Tour by The Rolling Stones | |
Associated album | Some Girls |
---|---|
Start date | 10 June 1978 |
End date | 26 July 1978 |
Legs | 1 |
No. of shows | 25 |
The Rolling Stones concert chronology |
The Rolling Stones' US Tour 1978 was a concert tour of the United States that took place during June and July 1978, immediately following the release of the group's 1978 album Some Girls. Like the 1972 and 1975 U.S. tours, Bill Graham was the tour promoter. One opening act was Peter Tosh, who was sometimes joined by Mick Jagger for their duet "Don't Look Back".
The tour used a stripped back, minimal stage show compared to the previous Tour of the Americas '75 and Tour of Europe '76, possibly due to the emergence of the punk rock scene and its emphasis solely on music and attitude rather than presenting a grandiose stage extravaganza.

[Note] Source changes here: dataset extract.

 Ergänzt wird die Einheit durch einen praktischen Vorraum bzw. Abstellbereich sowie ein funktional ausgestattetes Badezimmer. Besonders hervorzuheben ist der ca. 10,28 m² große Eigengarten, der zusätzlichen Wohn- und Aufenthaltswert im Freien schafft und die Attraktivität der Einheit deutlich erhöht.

Continuing a schedule started in 1966 of touring the United States exactly every three years, the Stones played in a mixture of theatres, sometimes under a pseudonym (i.e., at the start of the 1978 US Tour in Lakeland, Florida, The Stones were billed on the ticket as "The Great Southeast Stoned Out Wrestling Champions"), arenas, and stadiums, a practice that they would follow for many of their future tours as well. The tour was the first in which Charlie Watts used the famous Gretsch drum set that he continues to play with the Stones to this day, as well as his first employment of a china cymbal as a crash and dropping out his hi-hat when hitting the snare drum, two unique techniques that he continues to employ today. The concerts featured backing vocals by Ronnie Wood and Keith Richards, something that the Stones would get away from beginning with their next tour when Richards handled the majority of the backing vocals himself.

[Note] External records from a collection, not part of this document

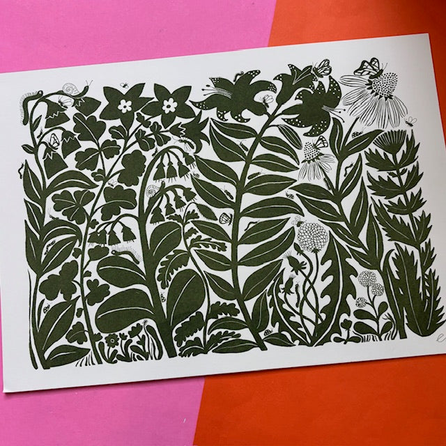 Inspired by the tangle of plants, flowers and weeds growing that attracts so many different little creatures in her garden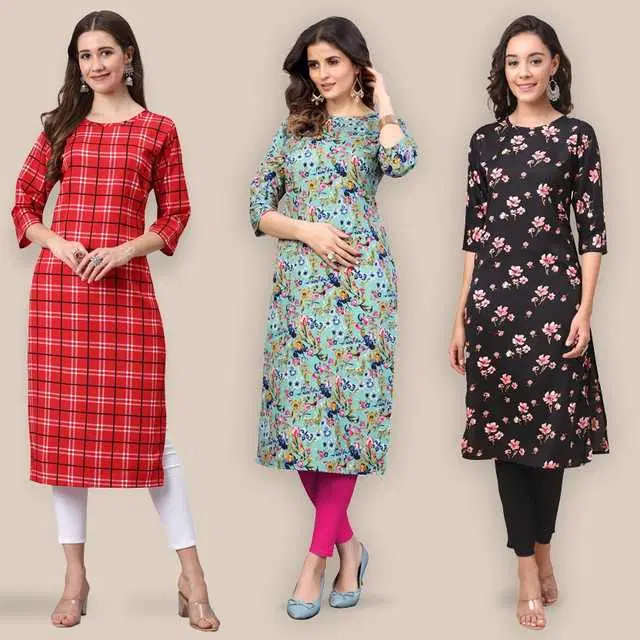 Women Crepe Printed Kurta, Pack Of 3 (Multicolor, XXL) (SD-280)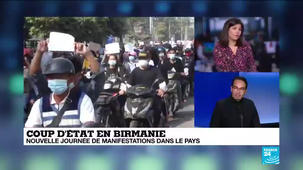 Les généraux putschistes ont fait planer lundi en Birmanie pour la première fois la menace d'"actions" contre les contestataires alors que des foules massives ont de nouveau manifesté contre le coup d'État qui a renversé Aung San Suu Kyi. Les explications de Cyril Payen, Grand reporter à France 24.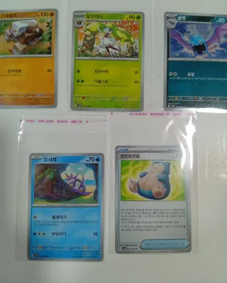 Lote de cartas Pokémon de la edición coreana.lote 5 cartas Pokémon Corea todas juntas or solo 2'50€ por compras de tres anuncios del perfil 2€ de descuento - Carta 스태솔트 (Stealth Salt) con 80 de PS. - Carta 달무리나 (Celestina) con 90 de PS. - Carta 골뱃 (Golbat) con 80 de PS. - Carta 꼬시레 (Wimpod) con 70 de PS. - Carta 잠만보인형 (Snorlax Doll) con 120 de PS.las 5 por 2'50€ no se venden por separado solo juntas
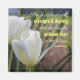Soft white and yellow tulip photograph with Proverbs 31:25, She is clothed with strength and dignity.

However, this United States tour did not carry on into Europe in 1979, breaking the group's similar schedule of performing in Europe every three years, which had started in 1967. This gap-year from touring prompted Keith Richards to join Ronnie Wood on his 1979 United States solo tour, to promote his then-album Gimme Some Neck, in the process forming the band The New Barbarians.